Stocks shaved their gains Tuesday after Fed officials raised the possibility of further easing if economic growth continues to slow and following news that Moody's downgraded Ireland's rating.
The Dow Jones Industrial Average turned lower, after ending at its lowest level since Jun. 30 in the previous session.
Boeing and Intel led the blue-chip decliners, while Cisco and AmEx gained.
The S&P 500 and the tech-heavy Nasdaq were lower. The CBOE Volatility Index, widely considered the best gauge of fear in the market, was gained above 19.
Among key S&P sectors, industrials slipped, while utilities gained.
"Some of yesterday’s panic regarding the euro zone and Italy may have been a little bit too much too soon," said Howard Ward, portfolio manager of GAMCO.
Ward added he expects positive earnings results ahead, which will eventually propel the S&P to the 1,425-range by year-end.
Some Fed officials said they arewilling to provide more monetary policy easingif the recovery continues to slow, according to the latest minutes of their June meeting.

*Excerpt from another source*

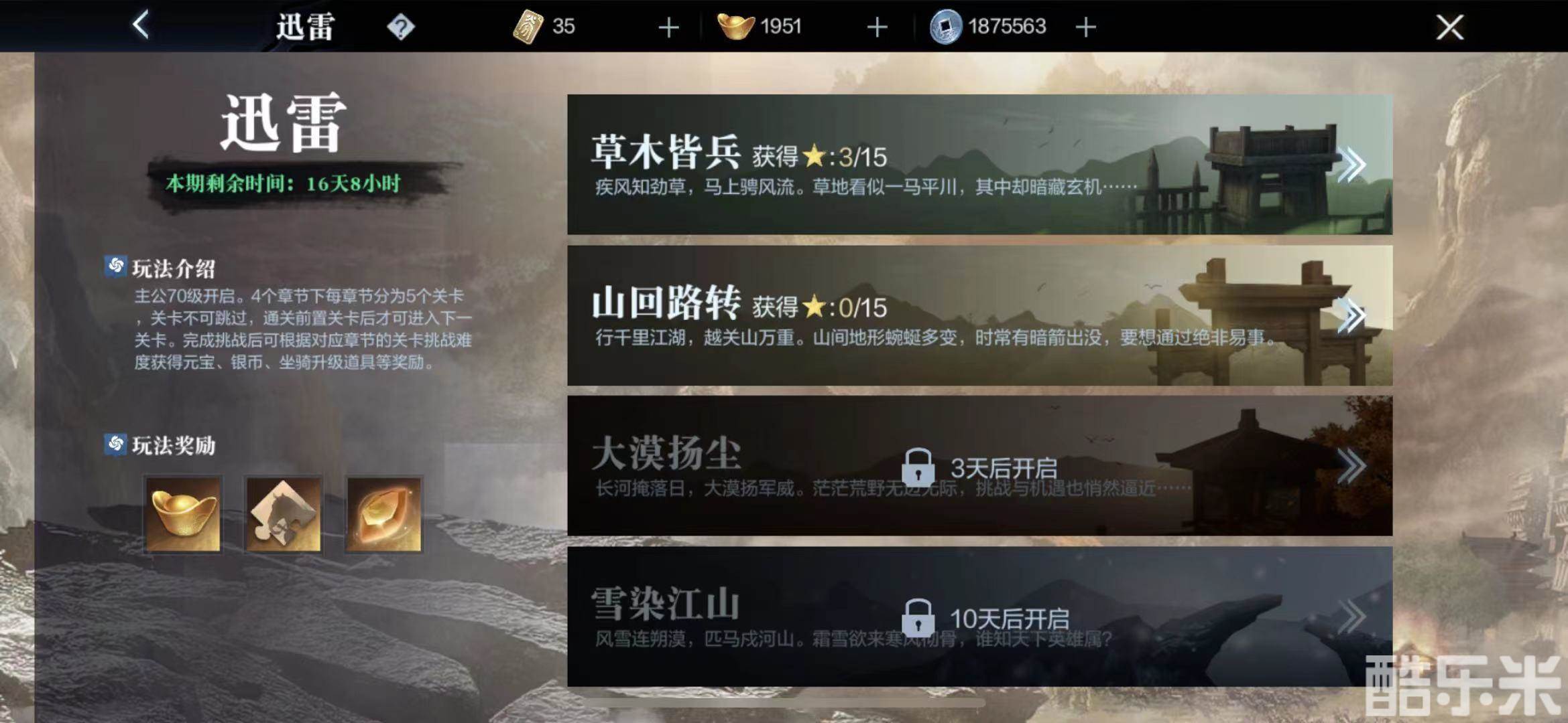 在迅雷玩法中,玩家可以与战马一起上阵破敌,获得丰厚的奖励。该玩法开启后,每四周为一个赛季,且每周开放一个章节,每个章节下有5个关卡。目前共有四大地图:草木皆兵、山回路中、大漠扬尘以及雪染江山,可供玩家进行挑战。

Fed officials also said they expect the economy would pick up in the second half of the year.
"Just the pure mention of QE3 is a positive for the equity markets—we saw the big rallies we got off the first QEs that we had," Warren Meyers, former CEO at Walter J. Dowd told CNBC. "But once that's over with, everyone comes back to reality. We're just beginning earnings season and there's so many issues going on with the data coming out with the U.S. and the global issues. We're due to pullback a bit and mellow out."
Alcoa was flat after the aluminum maker posted a profit in line with forecasts but reported a disappointing outlook. Meanwhile, UBS cut its price on the firm to $16.25 from $16.75. The Dow component unofficially kicked off the second-quarter earnings season.
JPMorgan , Google and Citigroup are among major companies expected to report later this week.